Dafür erforscht das Fraunhofer IWU die Entwicklung eines gerichteten Graphen, welcher domänenspezifisches Wissen mit KI-Erkenntnissen zu einem digitalen Maschinenverständnis kombiniert. Der Graph stellt über Kausalbeziehungen die erlernten Zusammenhänge im CPPS mensch- und maschinenlesbar dar. Er bildet die Grundlage für ein Fehlerdiagnose-System, welches die Diagnose transparent und nachvollziehbar anhand der kausalen Zusammenhänge ermittelt und darstellt.
Potentiale für KMU
Kleine und mittlere Unternehmen (KMU) können von CPPS erheblich profitieren. Die Einführung flexibler Produktionssysteme ermöglicht es ihnen, digitale Technologien zu nutzen und wettbewerbsfähig zu bleiben. Cyberphysische Produktionssysteme bieten KMU die Chance, ihre Produktion effizienter zu gestalten, Produktvarianten schneller und kostengünstiger anzupassen und individuelle Kundenwünsche zu erfüllen. Die Automatisierung des Fehlermanagements durch selbstlernende Systeme erleichtert die schnelle Diagnose von Störungen und die effektive Behebung von Ausfällen. Das wiederum führt zu weniger ungeplanten Ausfallzeiten.
Anwendungsbereiche in KMU
Zum Aufbau des Graphen werden zunächst die Fehlermeldungen aus Maschinen via OPC-UA und aus beteiligten Softwaresystemen in einer Datenbank zentralisiert. OPC UA steht für Open Platform Communications Unified Architecture und ist einer der wichtigsten Kommunikationsstandards für Industrie 4.0. Er ermöglicht den herstellerunabhängigen Datenaustausch zwischen vernetzten Geräten, Maschinen und weiteren Systemen. Algorithmen werten die Fehlerdaten zusammen mit weiteren Maschinendaten aus und lesen erste kausale Beziehungen aus. Falls Beziehungen nicht zweifelsfrei aus den Daten erkennbar sind, beziehen Feedbackfragen gezielt Expertenwissen ein. Mit dem Graphen können die zugrundeliegenden Kernfehler schnell ermittelt und dazu passende Lösungen vorgeschlagen werden.
Die Methodik wird anhand zweier Anwendungsszenarien im Industrieumfeld erprobt:
- der Verwendung in einer Industrie 4.0 Produktionsanlage mit mehreren gekoppelten CNC-Maschinen, SPS-gesteuerten Systemen und Softwaremodulen zur autonomen Produktionsplanung
- zur Ermittlung und automatisierten Fehlerbehebung in einer mobilen Roboterzelle, welche zur Bestückung von Werkzeugmaschinen eingesetzt wird.

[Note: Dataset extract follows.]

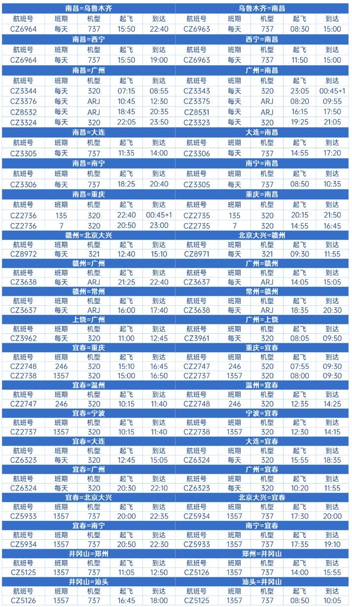 ➤中国南方航空江西各机场航班时刻表(2022年冬航季):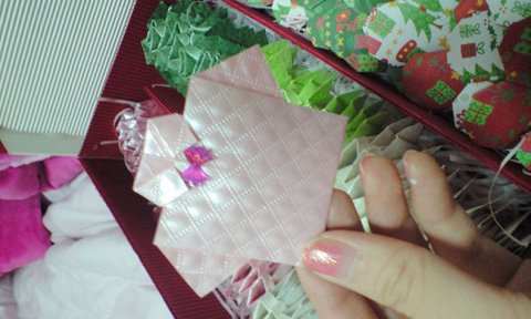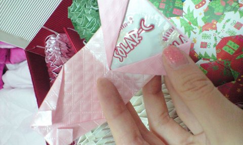 중간에 크리스마스 느낌나는 흰색 빨간색 초록색 포장지로 만든 하트쏠라씨!!!하트를 하나하나 접어서 그 안에 쏠라씨를 넣어주는 형태입니당..ㅎㅎ생각보다 만들기 쉬웠어요 하트쏠라씨는~

Für Unternehmen ergeben sich daraus folgende Mehrwerte:
- Transparenz über Störungen und deren Auswirkungen im Produktionssystem
- effektives Fehlermanagement für Industrie 4.0
- transparentes, selbstlernendes KI-System, welches Prozesswissen konserviert
- ganzheitliche Behebung von Störungen in Informationstechnologie und operativer Technologie.
Herausforderungen
Mit zunehmender Komplexität der Cyberphysischen Produktionssysteme steigt die Schwierigkeit bei der Fehlerbehebung. Störungen können zu längeren Produktionsausfällen führen und aufgrund der dezentralen Kopplung der Systeme schwer zu beheben sein. Um die Ursachen schnell zu ermitteln, erfordern solche komplexen Fehler interdisziplinäres Expertenwissen. Es gibt jedoch nicht viele Lösungen, die diesen kognitiven Prozess durch datengetriebene Erkenntnisse und Erfahrungswissen effektiv unterstützen. Das hält viele kleine und mittlere Unternehmen davon ab, den Schritt zur stark vernetzten Produktion zu wagen. Das Forschungsprojekt unseres Projektpartners Fraunhofer IWU zielt darauf ab, diese Herausforderungen durch die Entwicklung eines selbstlernenden Fehlermanagementsystems zu lösen. Es kombiniert menschliches Erfahrungswissen mit KI-Erkenntnissen und ermöglicht eine transparente Fehlerdiagnose.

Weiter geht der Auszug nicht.